Project description:The new drugs delamanid and bedaquiline are increasingly used to treat multidrug-resistant (MDR-) and extensively drug-resistant tuberculosis (XDR-TB). As evidence is lacking, the World Health Organization recommends their use under specific conditions in adults, delamanid only being recommended in children ?6 years of age. No systematic review has yet evaluated the efficacy, safety and tolerability of the new drugs in children. A search of peer-reviewed, scientific evidence was performed, to evaluate the efficacy/effectiveness, safety, and tolerability of delamanid or bedaquiline-containing regimens in children with confirmed M/XDR-TB. We used PubMed and Embase to identify any relevant manuscripts in English until 31 December 2016, excluding editorials and reviews.

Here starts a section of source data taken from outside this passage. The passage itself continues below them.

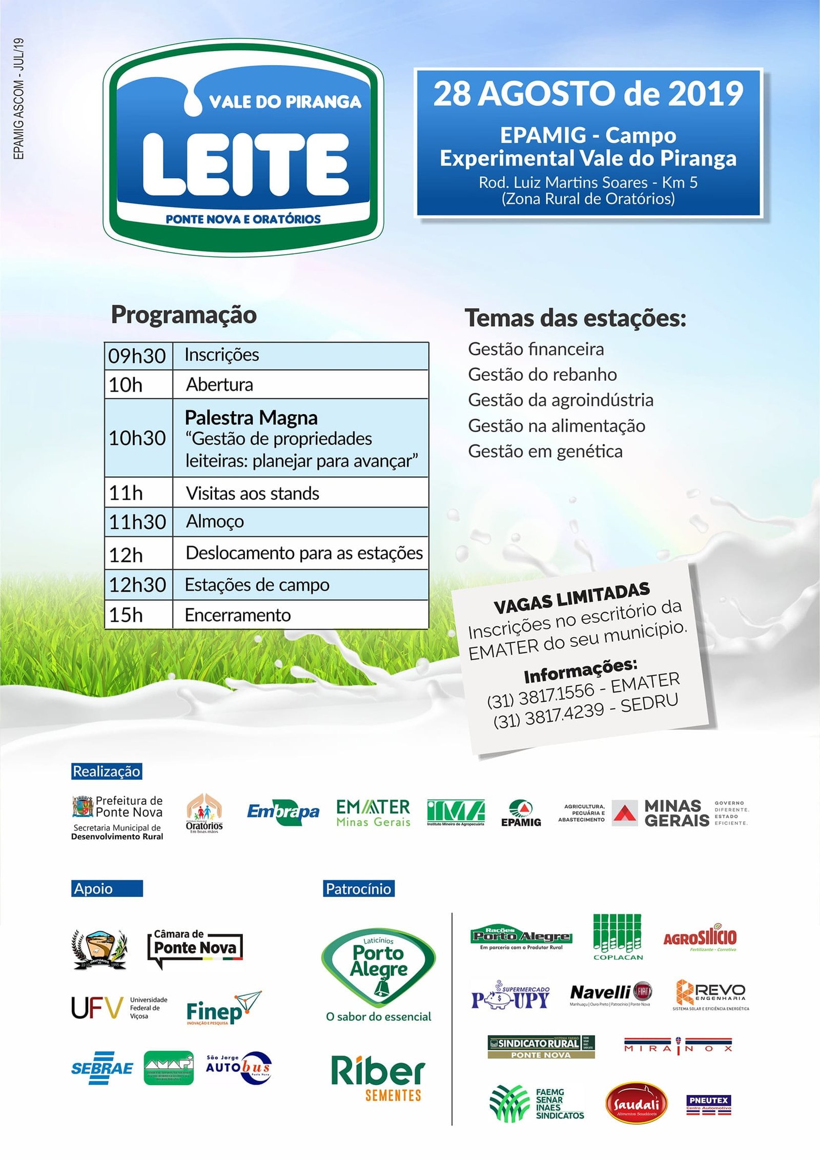 Em caso de dúvidas, mais informações sobre o Vale do Piranga Leite pelos telefones (31) 3817-1556 ou (31) 3817-4239. O evento é uma realização da EPAMIG, Emater-MG, IMA, Embrapa e Prefeitura de Ponte Nova. A EPAMIG é uma empresa vinculada à Secretaria de Agricultura, Pecuária e Abastecimento de Minas Gerais.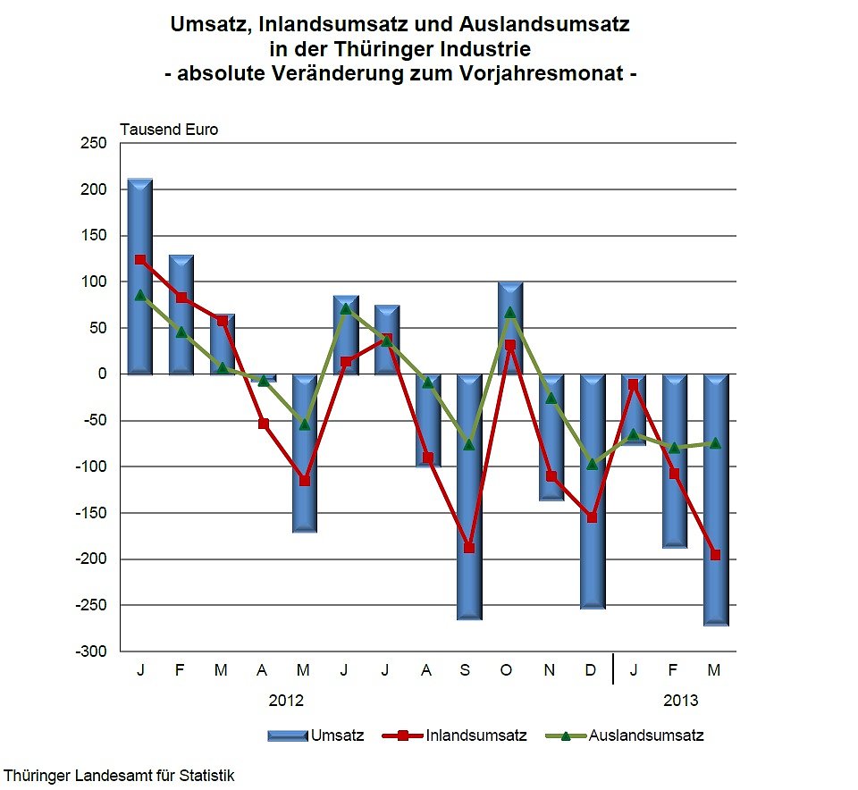 Die 878 Thüringer Industriebetriebe mit 50 und mehr Beschäftigten erzielten im März 2013 einen Umsatz in Höhe von 2,3 Milliarden Euro. Nach Mitteilung des Thüringer Landesamtes für Statistik betrug der Rückgang 270 Millionen Euro bzw. 10,4 Prozent zum März 2012 (bei zwei Arbeitstagen weniger - arbeitstäglich bereinigt: -1,5 Prozent).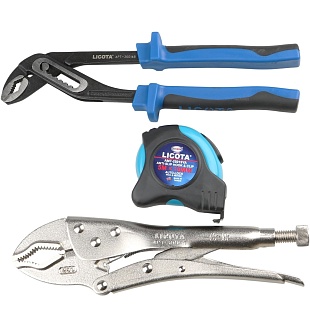 Набор: ручные тиски, переставные клещи и разводной ключ Licota ACK-B3012. Комплект губцевого инструмента из 3 предметов в ложементе из вспененного каучука (EVA). Чаще всего применяется в сантехнических работах при сборке/разборке трубных соединений.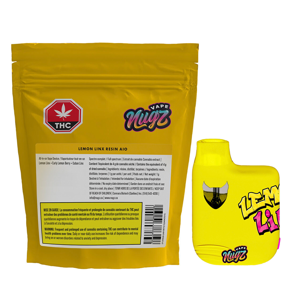 Ever step out for a smoke, only to end up searching for a lighter? Say goodbye to the hassle with the Nugz Lemon Linx Cured Resin All-in-One Vape. Packed with 1g of our finest cured resin, this rechargeable vape is crafted for consistent clouds + a full-flavour experience. Inhale-activated for seamless use, just press the side button 5 times to turn on/off and 2 times for pre-heat! Featuring a ceramic heating element, USB-C recharge-ability, and preloaded to go right out of the box. No extras needed, just pure satisfaction from start to finish. Nugz Lemon Linx Cured Resin All-in-One Vape — everything you need in one device.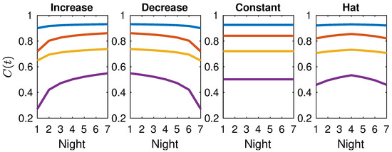 Four possible categories of female calling patterns were considered in Umbers et al. [17]: constant (the calling effort is the same every night), increase (it is greater each night compared to the night before), decrease (it is less each night compared to the night before), or hat (it increases to a peak amount and then decreases). Among those studies that measured the time that females spent calling, approximately 70% reported that the effort followed the increase pattern, 15% reported the hat pattern, 9% reported the decrease pattern, and 6% reported the constant pattern. For studies that measured pheromone titer, approximately 40% reported that the effort followed the hat pattern, 34% reported the decrease pattern, 16% reported the increase pattern, and 10% reported the constant pattern. Due to variability, our models account for changes in both the time spent calling and the pheromone titer. A schematic is shown in Figure 1.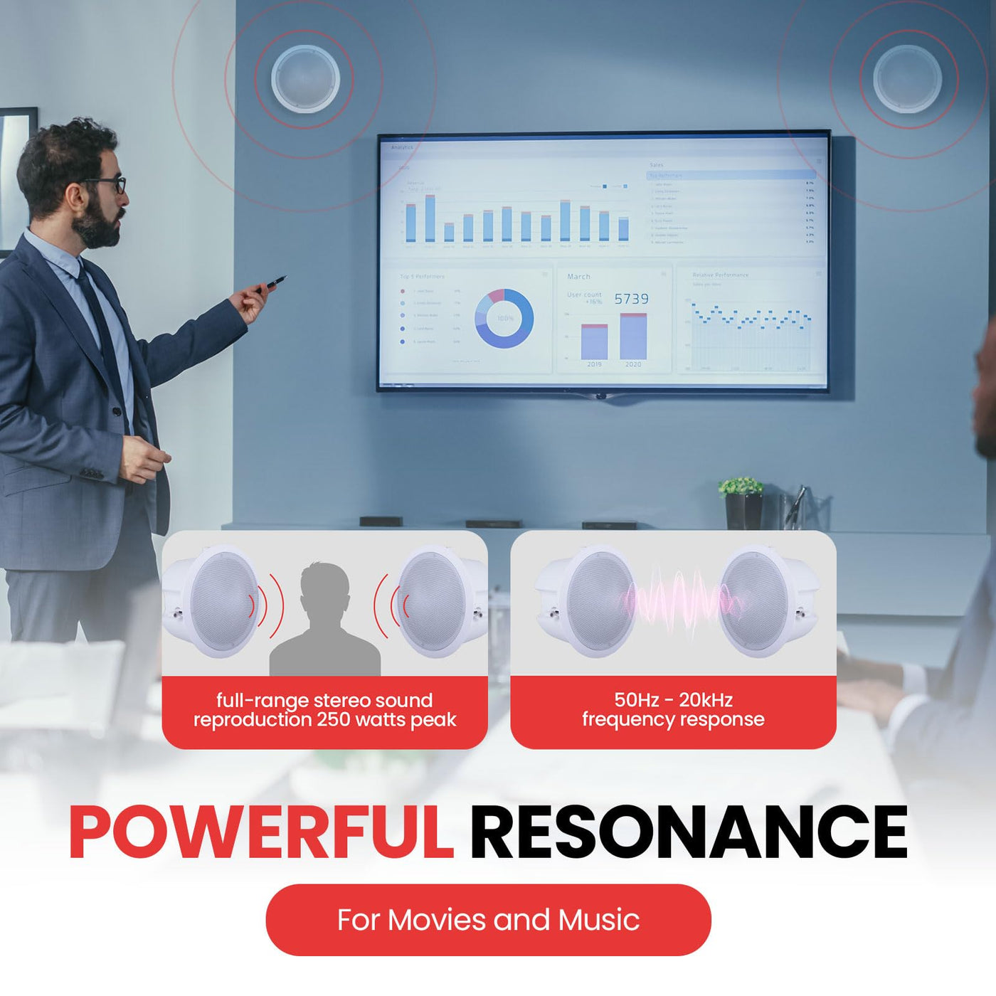 4-8 Ohm Impedance: The Home Sound System In-Ceiling Speakers Have Dual 1'' -Inch High-Temperature Voice Coil & 4-8 Ohm Impedance. Can Be Used W/ Regular Home Audio Receiver & Amp. Made To Produce Both Powerful, Rich Sound & Quiet Background Music Full Range Audio: Regardless The Size, These Wall/Ceiling Mounted Speakers Have 50Hz - 20Khz Frequency Response & Features 8'' High Power Mid-Bass Speaker For Full-Range Stereo Sound Reproduction & Will Suffice As A Home Surround System 250 Watt Power: Pyle Home In-Wall / In-Ceiling Mount Surround Sound Speakers Has A Power Handling Of 250 Watts Peak That Will Produce High Sound Resonance. It Has A 4-8 Ohm Impedance And Great For Watching Movies, Listening To Music And More Flush Mount Design - This Ceiling/Wall Mount Speaker Has A Compact Flush Mount Design For Simple Easy Installation In-Wall / In-Ceiling Or Pre-Cut Speaker Openings. For The Home, Office, Professional, Or Custom Audio Applications On Any Flat Surface Paintable Grill: The In-Wall Speakers / In-Ceiling Speaker System Features A Stain-Resistant Paintable Grill Cover To Match Existing Flush Mounted Designs At Home Or Workplace For A Clean Look & Achieve Wide-Range Sound Performance Without Compromise 2-Way In-Ceiling Speaker 8-Inch Midbass Speaker 1-Inch High Temperature Voice Coil Directable 1-Inch Polymer Dome Tweeter 250 Watts Rated Peak Power

Three out of 96 manuscripts retrieved satisfied the inclusion criteria, while 93 were excluded because dealing exclusively with adults (12: 4 on delamanid and 8 on bedaquiline), being recommendations or guidelines (8 manuscripts), reviews (17 papers) or other studies (56 papers). One of the studies retrieved reported evidence on 19 M/XDR-TB children, 16 of them treated under compassionate use with delamanid (13 achieving consistent bacteriological conversion) and 3 candidates for the drug. Two studies reported details on the first paediatric case treated (and cured) with a delamanid-containing regimen. Eight trials including children were also retrieved (clinicaltrials.gov). Although the methodology used in the study was rigorous, the results are limited by the paucity of the studies available in the literature on the use of new anti-TB drugs in children. In conclusion, more evidence is needed on the use of delamanid and bedaquiline in paediatric patients.